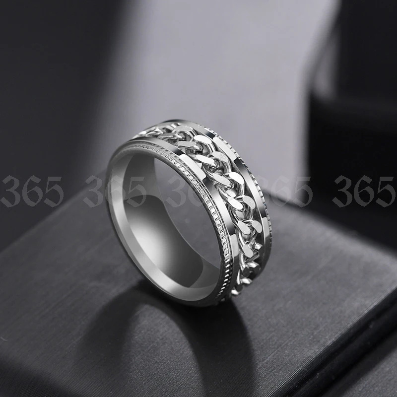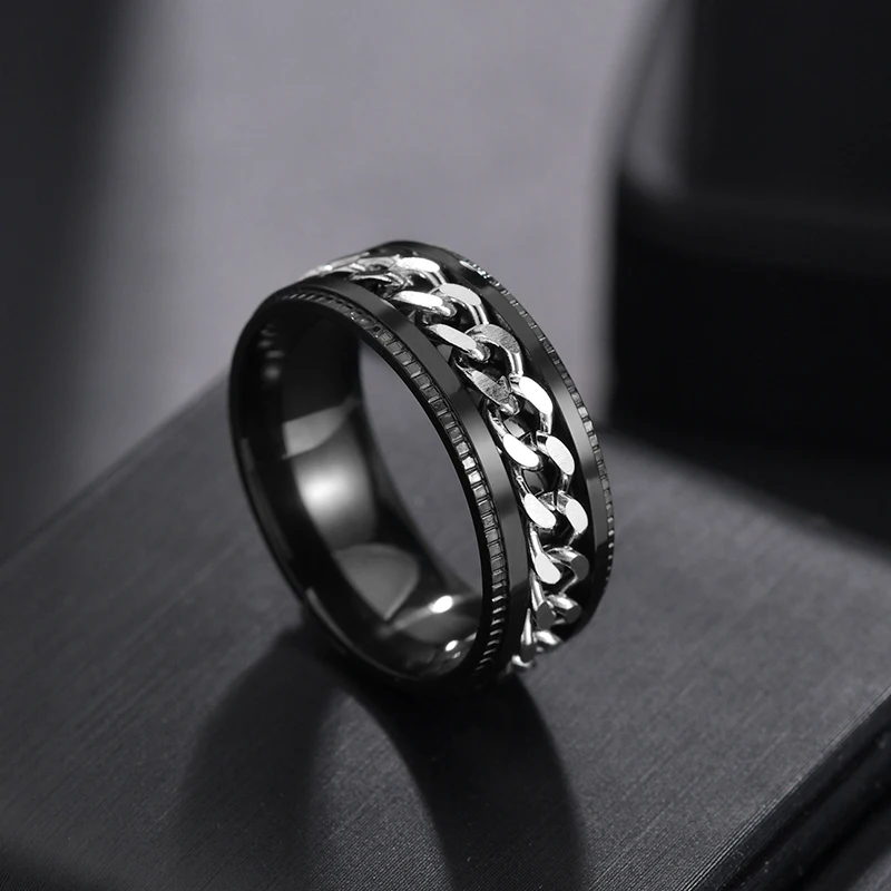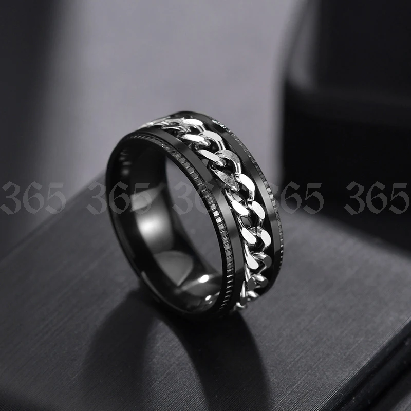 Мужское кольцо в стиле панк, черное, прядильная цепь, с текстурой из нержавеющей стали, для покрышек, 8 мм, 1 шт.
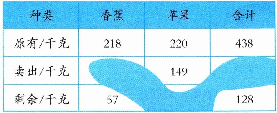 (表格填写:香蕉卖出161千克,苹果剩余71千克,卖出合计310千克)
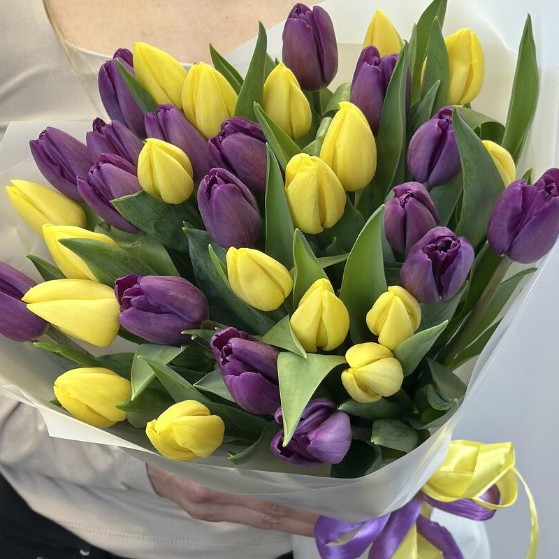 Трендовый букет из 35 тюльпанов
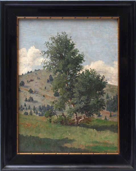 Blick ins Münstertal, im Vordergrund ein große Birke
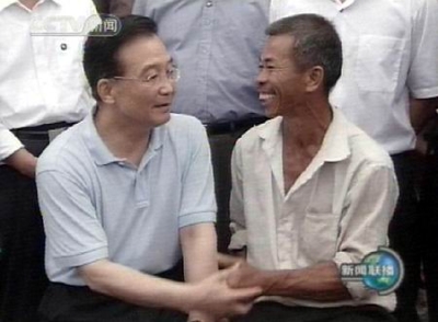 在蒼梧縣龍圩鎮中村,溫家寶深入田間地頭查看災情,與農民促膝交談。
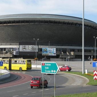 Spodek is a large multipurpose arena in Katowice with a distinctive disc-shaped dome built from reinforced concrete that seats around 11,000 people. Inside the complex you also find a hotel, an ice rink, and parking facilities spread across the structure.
────────────────────────────────────────
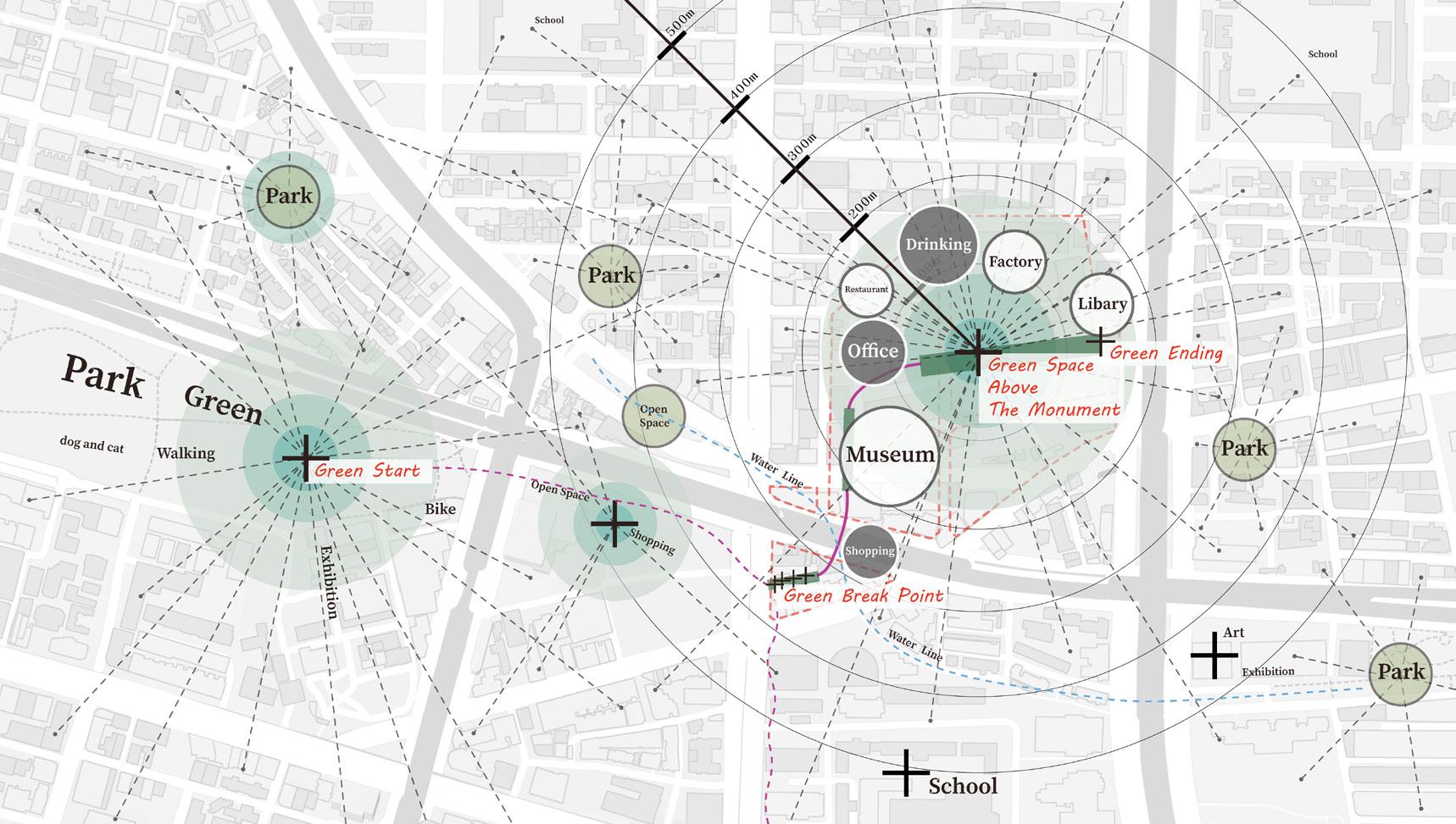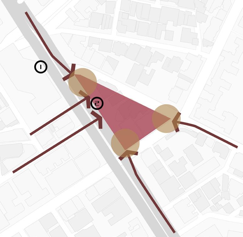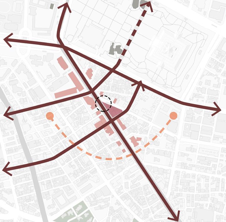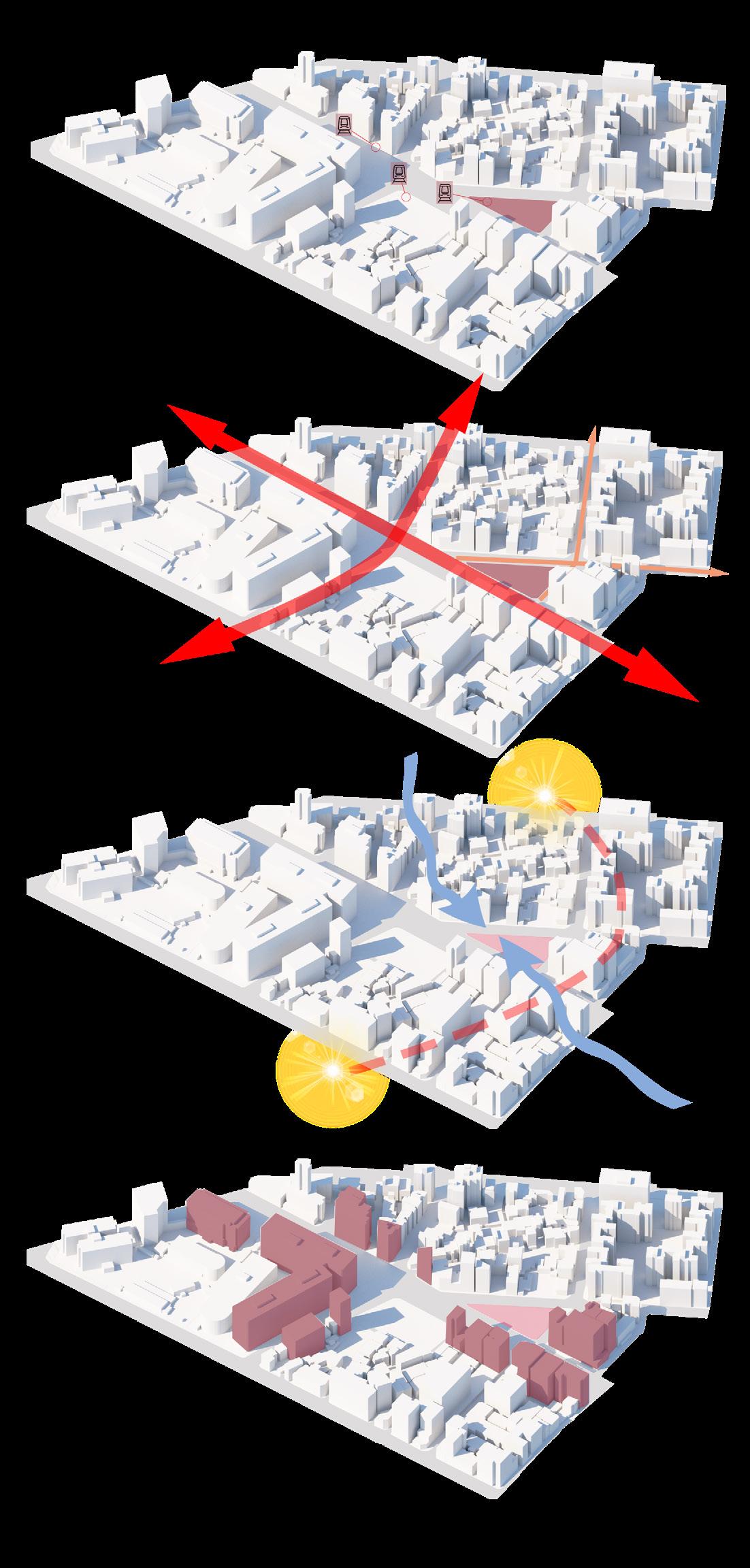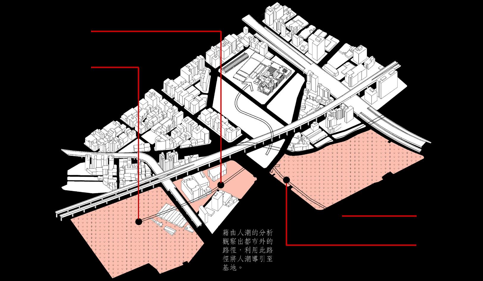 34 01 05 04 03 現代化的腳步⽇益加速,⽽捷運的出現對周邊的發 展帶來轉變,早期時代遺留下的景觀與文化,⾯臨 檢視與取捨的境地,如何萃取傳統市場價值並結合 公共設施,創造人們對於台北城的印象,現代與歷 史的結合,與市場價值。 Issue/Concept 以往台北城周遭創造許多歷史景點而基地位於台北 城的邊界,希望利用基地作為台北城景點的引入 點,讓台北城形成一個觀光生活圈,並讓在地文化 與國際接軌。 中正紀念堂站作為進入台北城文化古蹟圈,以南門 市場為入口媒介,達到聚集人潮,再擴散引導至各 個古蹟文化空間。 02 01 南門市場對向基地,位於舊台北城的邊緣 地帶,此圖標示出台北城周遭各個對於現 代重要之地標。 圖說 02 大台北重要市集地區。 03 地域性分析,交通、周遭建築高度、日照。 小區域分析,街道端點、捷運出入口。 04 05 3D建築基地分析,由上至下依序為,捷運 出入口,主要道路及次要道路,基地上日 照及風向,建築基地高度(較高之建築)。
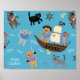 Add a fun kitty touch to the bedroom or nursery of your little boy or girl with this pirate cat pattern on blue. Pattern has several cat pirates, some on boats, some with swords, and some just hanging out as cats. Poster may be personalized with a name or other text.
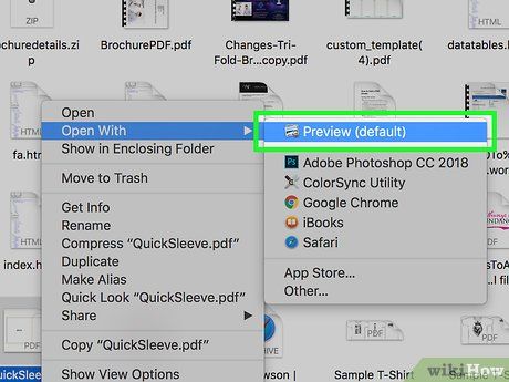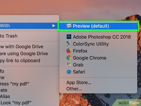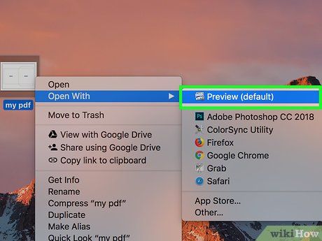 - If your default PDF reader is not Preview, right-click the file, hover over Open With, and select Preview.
────────────────────────────────────────
## PROBLEM TO WORK ON
For the material above, give again only the lines starting at the line that contains "Blick ins Münstertal, im" and ending at the line that contains "Spodek is a". Pictures do not belong in the copy.

## WRITTEN RESPONSE
 Blick ins Münstertal, im Vordergrund ein große Birke
 在蒼梧縣龍圩鎮中村,溫家寶深入田間地頭查看災情,與農民促膝交談。
 Spodek is a large multipurpose arena in Katowice with a distinctive disc-shaped dome built from reinforced concrete that seats around 11,000 people. Inside the complex you also find a hotel, an ice rink, and parking facilities spread across the structure.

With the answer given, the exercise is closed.